Task: The material below has pictures in it. Set down only the lines from the line containing "Chanel White Matelasse" through the line containing "Fabriqué en France", word for word, and leave the pictures behind.
*** Data listing ***
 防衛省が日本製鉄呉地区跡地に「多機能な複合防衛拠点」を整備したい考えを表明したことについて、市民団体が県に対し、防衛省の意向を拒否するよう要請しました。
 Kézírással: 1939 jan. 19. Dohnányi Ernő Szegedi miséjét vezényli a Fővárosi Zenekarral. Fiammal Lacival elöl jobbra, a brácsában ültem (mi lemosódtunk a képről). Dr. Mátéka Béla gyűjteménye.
*** End of Data listing ***
*** Data listing ***
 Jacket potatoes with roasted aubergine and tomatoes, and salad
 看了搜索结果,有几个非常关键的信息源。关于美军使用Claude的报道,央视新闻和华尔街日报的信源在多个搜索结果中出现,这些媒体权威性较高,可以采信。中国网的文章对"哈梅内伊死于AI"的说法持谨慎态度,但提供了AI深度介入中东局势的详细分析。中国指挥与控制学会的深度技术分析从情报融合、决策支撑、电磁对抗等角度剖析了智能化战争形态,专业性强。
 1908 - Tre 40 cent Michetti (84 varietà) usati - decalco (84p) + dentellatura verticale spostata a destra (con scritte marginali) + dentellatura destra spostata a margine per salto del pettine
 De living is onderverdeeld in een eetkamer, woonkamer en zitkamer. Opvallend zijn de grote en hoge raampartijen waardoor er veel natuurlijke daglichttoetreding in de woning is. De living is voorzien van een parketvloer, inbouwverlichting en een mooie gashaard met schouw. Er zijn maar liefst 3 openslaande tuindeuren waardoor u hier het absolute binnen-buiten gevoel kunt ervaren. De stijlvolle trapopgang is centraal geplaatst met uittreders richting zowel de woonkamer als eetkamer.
*** End of Data listing ***
*** Data listing ***
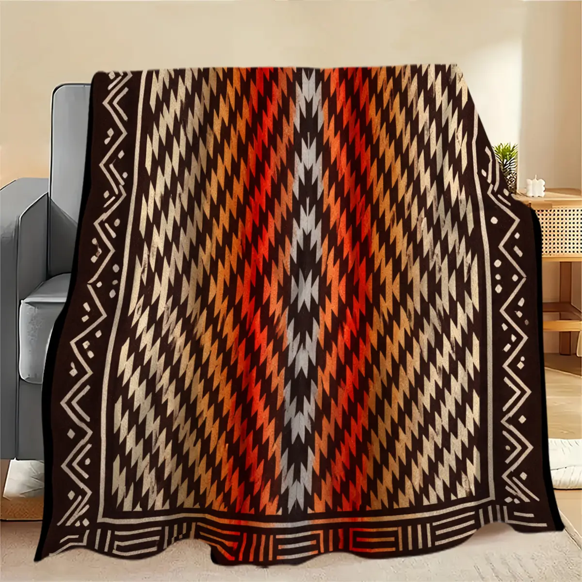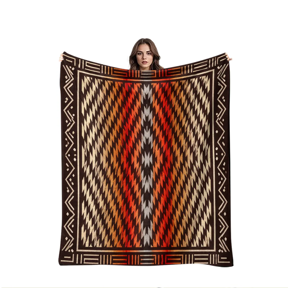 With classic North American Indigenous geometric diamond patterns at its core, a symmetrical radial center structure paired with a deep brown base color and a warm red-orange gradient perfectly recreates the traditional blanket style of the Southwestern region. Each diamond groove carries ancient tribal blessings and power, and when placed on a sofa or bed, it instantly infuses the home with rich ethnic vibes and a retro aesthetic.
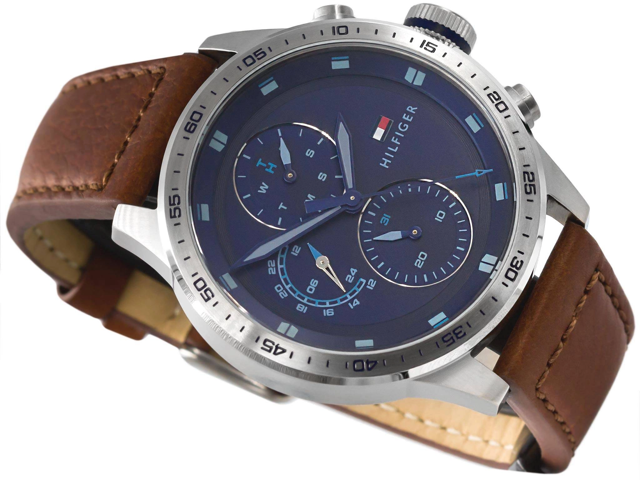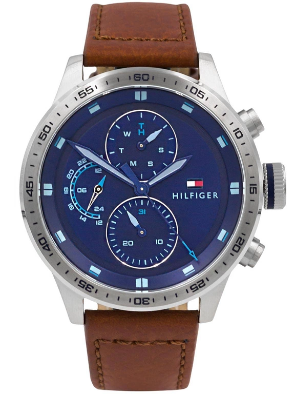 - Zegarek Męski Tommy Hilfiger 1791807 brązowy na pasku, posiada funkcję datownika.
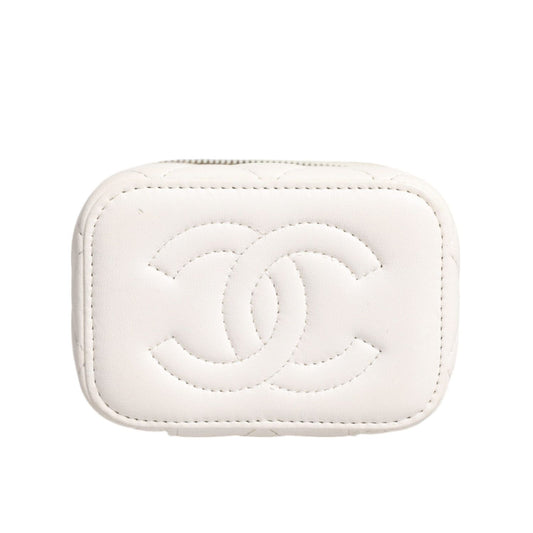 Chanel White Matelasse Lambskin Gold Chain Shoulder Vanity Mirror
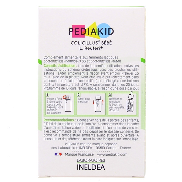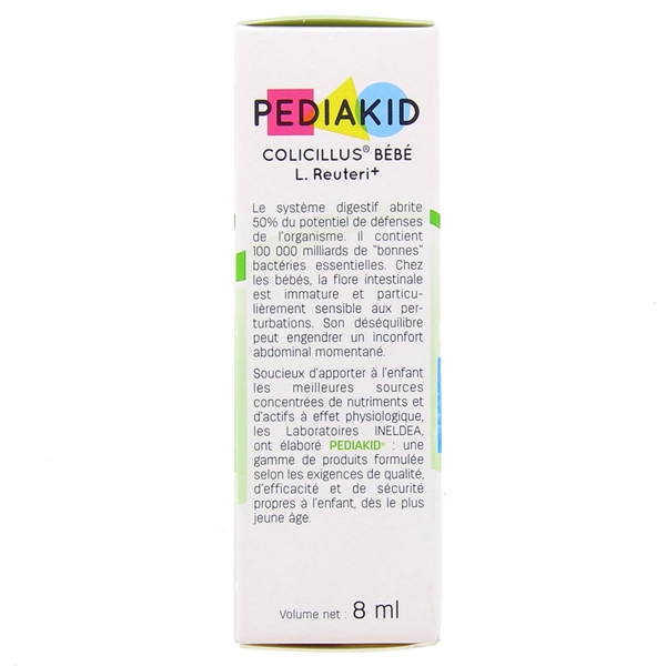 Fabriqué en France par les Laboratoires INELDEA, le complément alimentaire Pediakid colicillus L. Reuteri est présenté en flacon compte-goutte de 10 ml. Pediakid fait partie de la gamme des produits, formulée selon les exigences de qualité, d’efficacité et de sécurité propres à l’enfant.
*** End of Data listing ***
Exercise result:
 Chanel White Matelasse Lambskin Gold Chain Shoulder Vanity Mirror
 Fabriqué en France par les Laboratoires INELDEA, le complément alimentaire Pediakid colicillus L. Reuteri est présenté en flacon compte-goutte de 10 ml. Pediakid fait partie de la gamme des produits, formulée selon les exigences de qualité, d’efficacité et de sécurité propres à l’enfant.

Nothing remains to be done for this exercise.